Java garbage collection plays an important role in the JVM. This article will briefly discuss the Java garbage collector, from the ancient Serial to the latest ZGC, and briefly analyze the characteristics of each garbage collector, focusing on G1 and ZGC.

Serial/Serial Old

The Serial collector is the most basic and oldest collector and was once (prior to JDK 1.3.1) the only choice for the new generation of HotSpot VIRTUAL machine collectors.

During garbage collection, all other worker threads must be suspended until the collection is complete and the GC threads are single-threaded. For the new generation, Serial uses a replication algorithm; For older generations, Serial uses a mark-collation algorithm.

ParNew

The new generation collector needs to be used with other older collectors. Prior to JDK7, only he and Serial could be used with CMS collectors, so they were often the first choice for the new generation of collectors.

The ParNew collector is essentially a multithreaded parallel version of The Serial collector. The control parameters, collection algorithms, Stop The World, object allocation rules, and collection strategies are exactly The same as The Serial collector. In terms of implementation, The two collectors also share a considerable amount of code.

Parallel Scavenge/Old

The Parallel Collector is a new generation collector based on the mark-copy algorithm, multi-threaded collection.
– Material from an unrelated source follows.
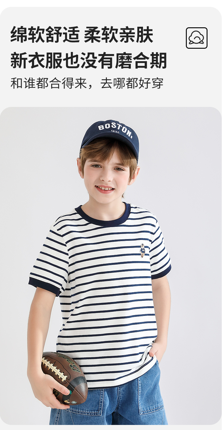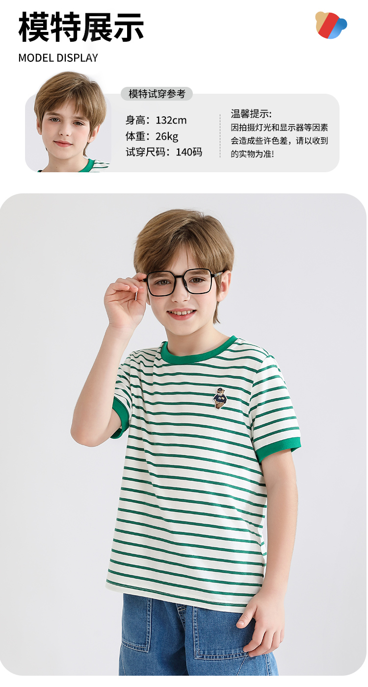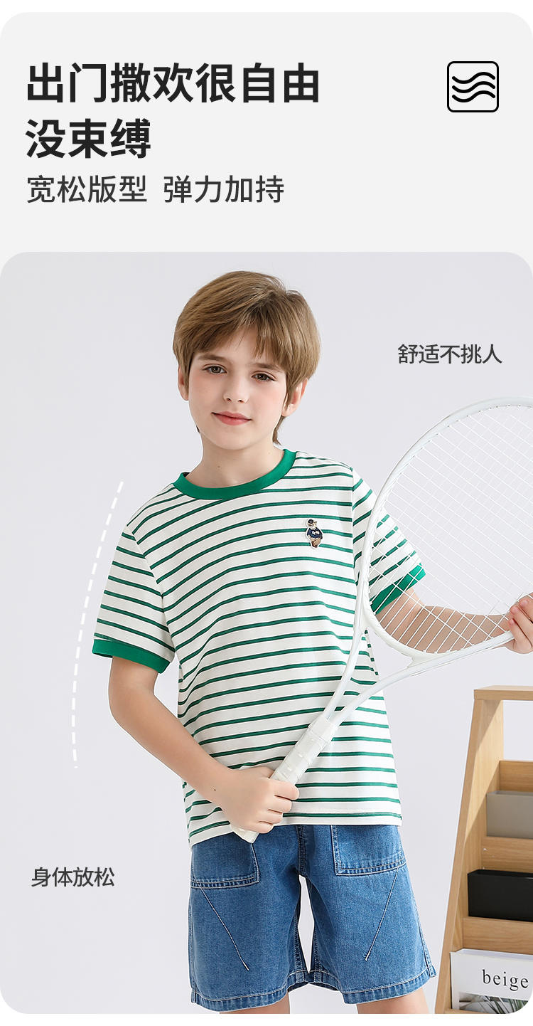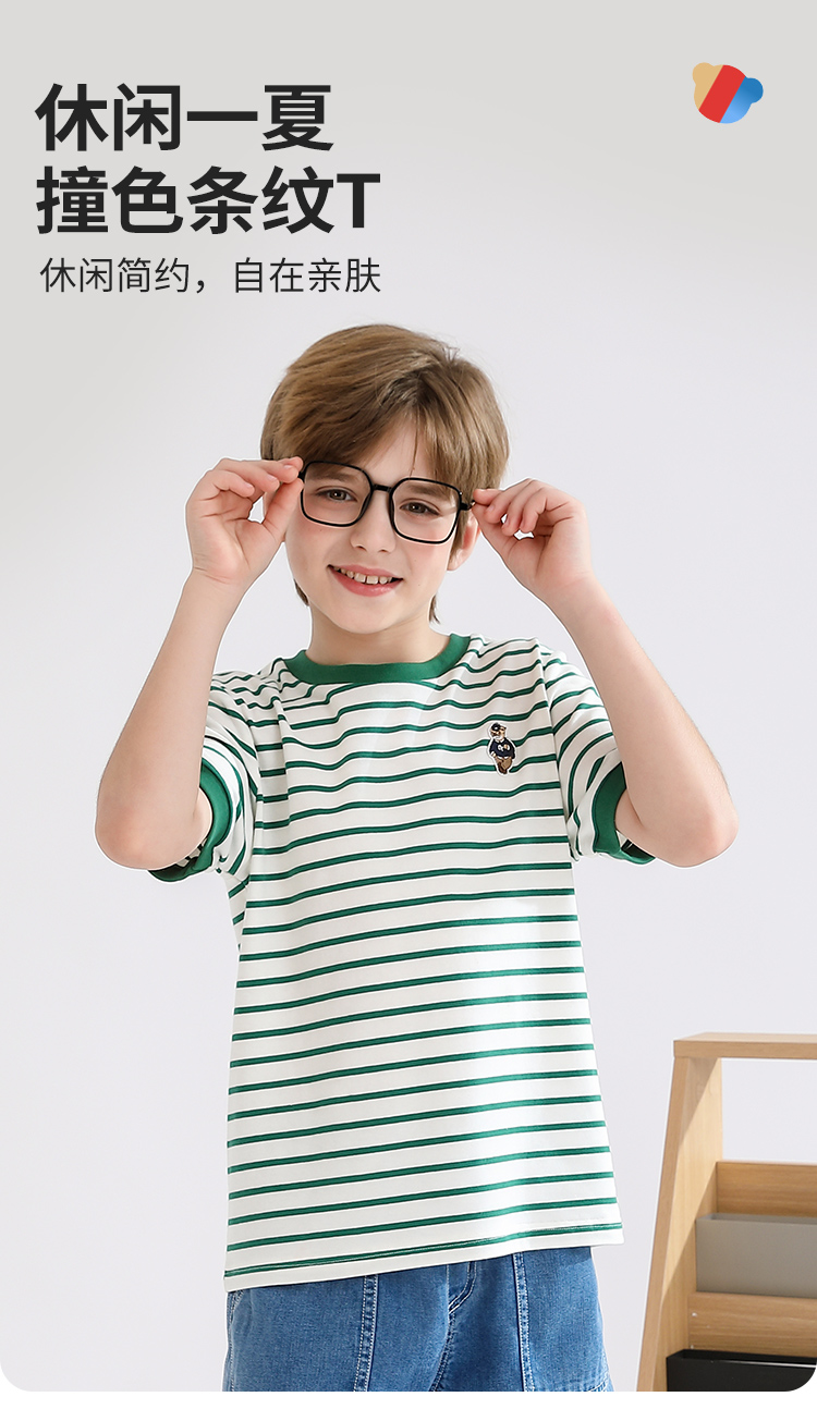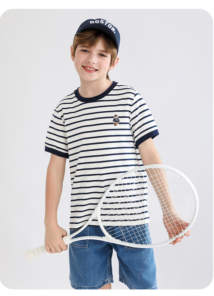 【140-170】【精典泰迪】男童短袖T恤儿童纯棉条纹上衣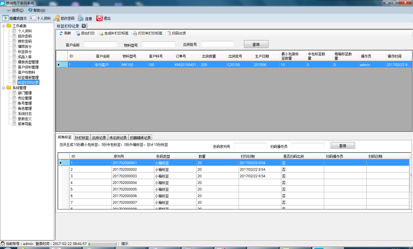 2)、記錄打印標(biāo)簽內(nèi)容、數(shù)量。

The Collector cannot be used with CMS.

Parallel Old collector works in the Old days, based on mark-collation, multi-threaded collection, launched in JDK6.

Unlike a collector that focuses on pause times, a Parallel collector focuses on throughput, which is the ratio of how long the processor runs the user’s code to the total time consumed by the processor.

CMS

The CMS collector works from the old days, based on the mark-sweep algorithm, multi-threaded collection, launched in JDK5. It is the first collector to support concurrency, garbage collection threads can work at the same time as user threads.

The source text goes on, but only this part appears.